**Requirement:** Give the data again exactly as it appears, excluding any pictures.

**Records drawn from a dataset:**
====

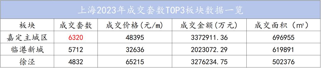 但没想到的是,嘉定主城区在2023年上海各个板块成交量排行榜中,反而是 Top1。
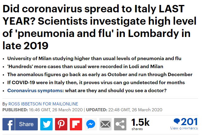 米蘭的馬里奧·內格里(Mario Negri)藥理研究所所長朱塞佩·雷穆齊(Giuseppe Remuzzi)説,倫巴第大區一些家庭醫生去年年底報告了異常肺炎病例,現在看來有些可疑。
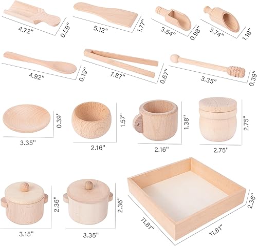 【Sensory Toys for Toddlers】 Wooden sensory bin tools including tongs, containers and other small objects simulate fine motor skills and sensory play. Smaller wooden toys than the living utensils, ideal for toddlers to grasp and move around,helping to develop real life skills.
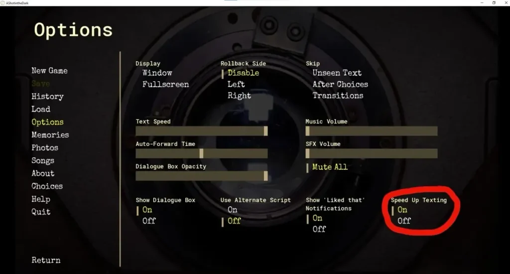 At its core, the visual novel gameplay mechanics of A Shot in the Dark are elegant in their design. You play as an aspiring photographer, and your camera is more than a prop—it’s a key narrative tool and a metaphor for your perspective. Throughout the game, you’ll be prompted to take pictures. These aren’t just for a gallery; they can influence conversations, affect character moods, and even unlock specific dialogue branches or scenes. It’s a brilliant way to tie the protagonist’s passion directly into the interactive choice system.
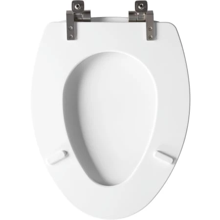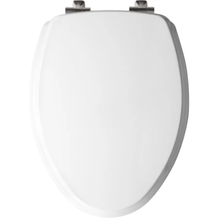 This Mayfair Benton enameled wood seat in White features a polished design and brushed nickel hinges that complement bath decor. The STA-TITE Seat Fastening System installs easily and keeps seat securely attached to the bowl. The Whisper Close feature closes slowly and quietly, eliminating slamming and pinched fingers. Superior, high-gloss finish adds beauty to your décor while resisting chipping and scratching.

====

**Completed task:**
 但没想到的是,嘉定主城区在2023年上海各个板块成交量排行榜中,反而是 Top1。
 米蘭的馬里奧·內格里(Mario Negri)藥理研究所所長朱塞佩·雷穆齊(Giuseppe Remuzzi)説,倫巴第大區一些家庭醫生去年年底報告了異常肺炎病例,現在看來有些可疑。
 【Sensory Toys for Toddlers】 Wooden sensory bin tools including tongs, containers and other small objects simulate fine motor skills and sensory play. Smaller wooden toys than the living utensils, ideal for toddlers to grasp and move around,helping to develop real life skills.
 At its core, the visual novel gameplay mechanics of A Shot in the Dark are elegant in their design. You play as an aspiring photographer, and your camera is more than a prop—it’s a key narrative tool and a metaphor for your perspective. Throughout the game, you’ll be prompted to take pictures. These aren’t just for a gallery; they can influence conversations, affect character moods, and even unlock specific dialogue branches or scenes. It’s a brilliant way to tie the protagonist’s passion directly into the interactive choice system.
 This Mayfair Benton enameled wood seat in White features a polished design and brushed nickel hinges that complement bath decor. The STA-TITE Seat Fastening System installs easily and keeps seat securely attached to the bowl. The Whisper Close feature closes slowly and quietly, eliminating slamming and pinched fingers. Superior, high-gloss finish adds beauty to your décor while resisting chipping and scratching.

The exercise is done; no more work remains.